# EXERCISE REQUIREMENTS:
Copy nothing but the lines below, from the one with "鶴見緑地の公園課の方には「遊具の使い方」を紙芝居で教えていただきました。" through the one with "Futuristic etched circuit", exactly as written; no pictures should appear.

# GIVEN ENTRIES:
_ _ _ _
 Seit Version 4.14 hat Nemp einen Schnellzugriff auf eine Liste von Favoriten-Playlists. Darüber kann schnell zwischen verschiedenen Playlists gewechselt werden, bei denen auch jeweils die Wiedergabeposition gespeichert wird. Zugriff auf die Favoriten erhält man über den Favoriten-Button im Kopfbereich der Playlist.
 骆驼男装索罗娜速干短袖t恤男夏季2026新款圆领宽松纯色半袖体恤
_ _ _ _
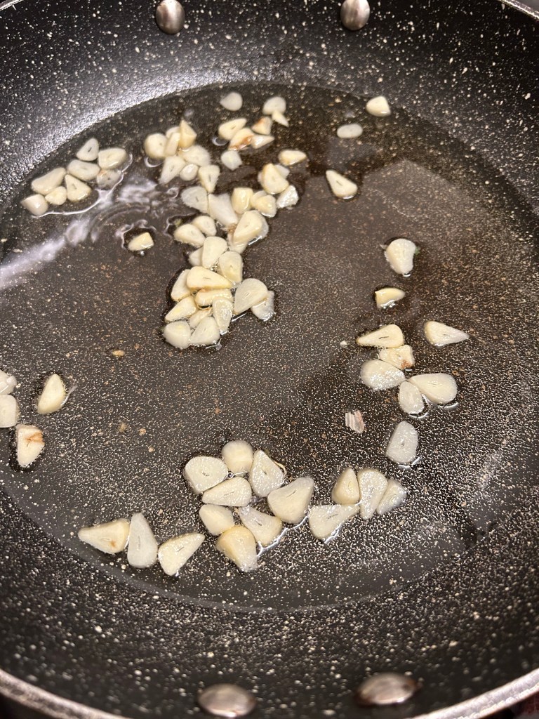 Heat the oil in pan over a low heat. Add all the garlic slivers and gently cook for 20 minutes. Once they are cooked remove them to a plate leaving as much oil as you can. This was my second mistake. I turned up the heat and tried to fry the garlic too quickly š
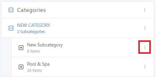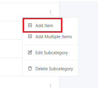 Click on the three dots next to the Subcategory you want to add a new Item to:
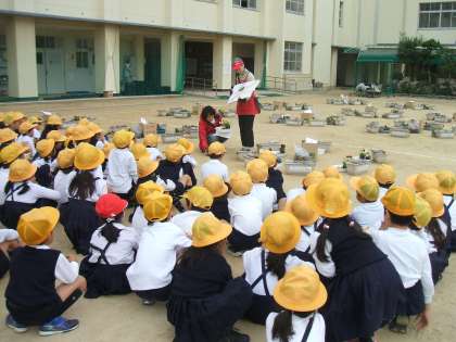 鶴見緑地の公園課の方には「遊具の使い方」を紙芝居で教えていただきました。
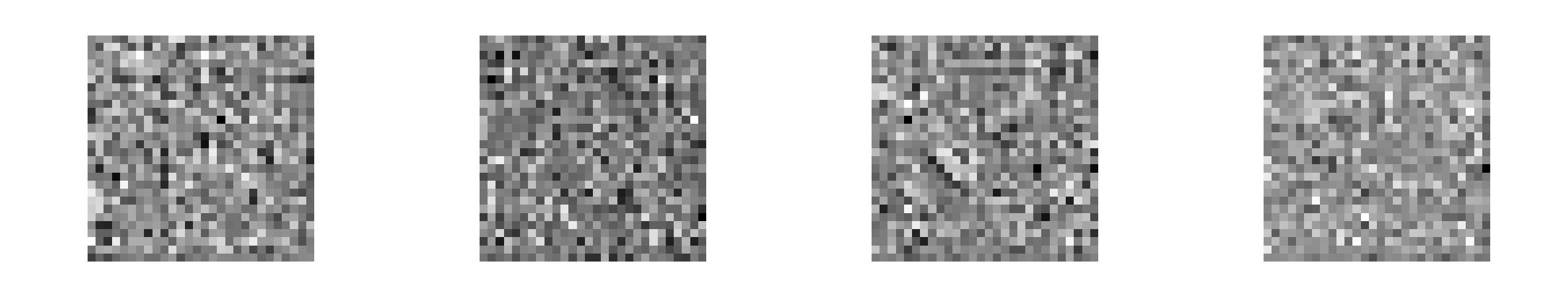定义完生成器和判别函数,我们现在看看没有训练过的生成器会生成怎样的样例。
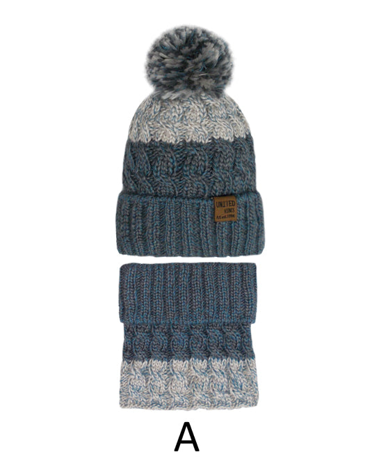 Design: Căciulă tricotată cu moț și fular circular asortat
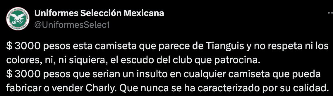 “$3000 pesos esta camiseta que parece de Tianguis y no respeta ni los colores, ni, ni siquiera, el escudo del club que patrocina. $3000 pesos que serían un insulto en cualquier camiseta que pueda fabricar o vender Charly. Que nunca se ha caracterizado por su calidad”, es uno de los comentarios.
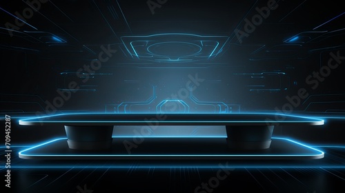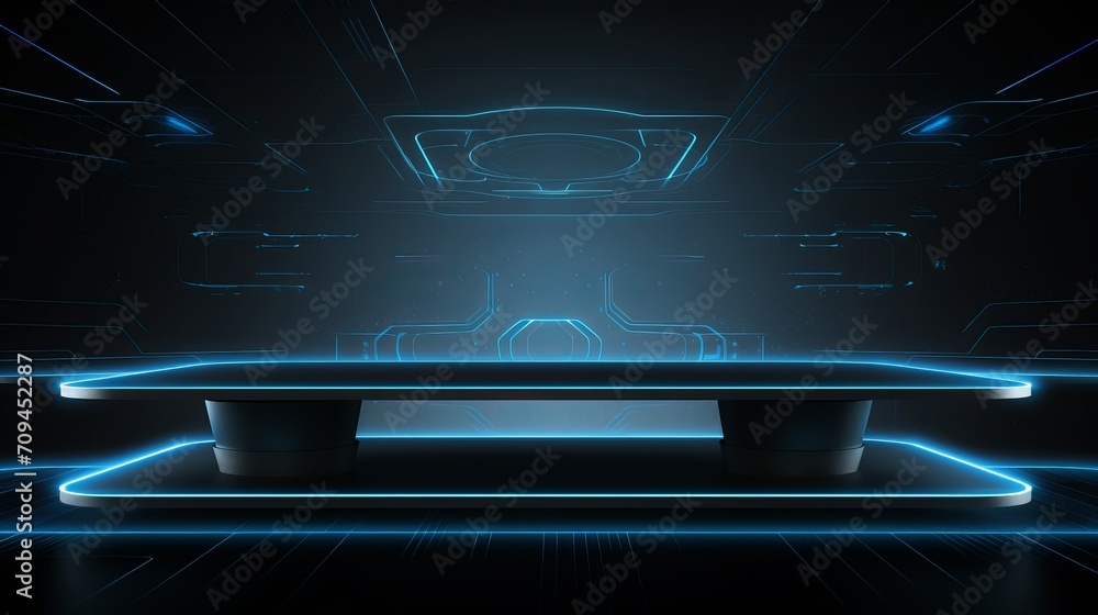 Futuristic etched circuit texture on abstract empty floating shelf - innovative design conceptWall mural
_ _ _ _
# TASK RESULT:
 鶴見緑地の公園課の方には「遊具の使い方」を紙芝居で教えていただきました。
定义完生成器和判别函数,我们现在看看没有训练过的生成器会生成怎样的样例。
 Design: Căciulă tricotată cu moț și fular circular asortat
 “$3000 pesos esta camiseta que parece de Tianguis y no respeta ni los colores, ni, ni siquiera, el escudo del club que patrocina. $3000 pesos que serían un insulto en cualquier camiseta que pueda fabricar o vender Charly. Que nunca se ha caracterizado por su calidad”, es uno de los comentarios.
 Futuristic etched circuit texture on abstract empty floating shelf - innovative design conceptWall mural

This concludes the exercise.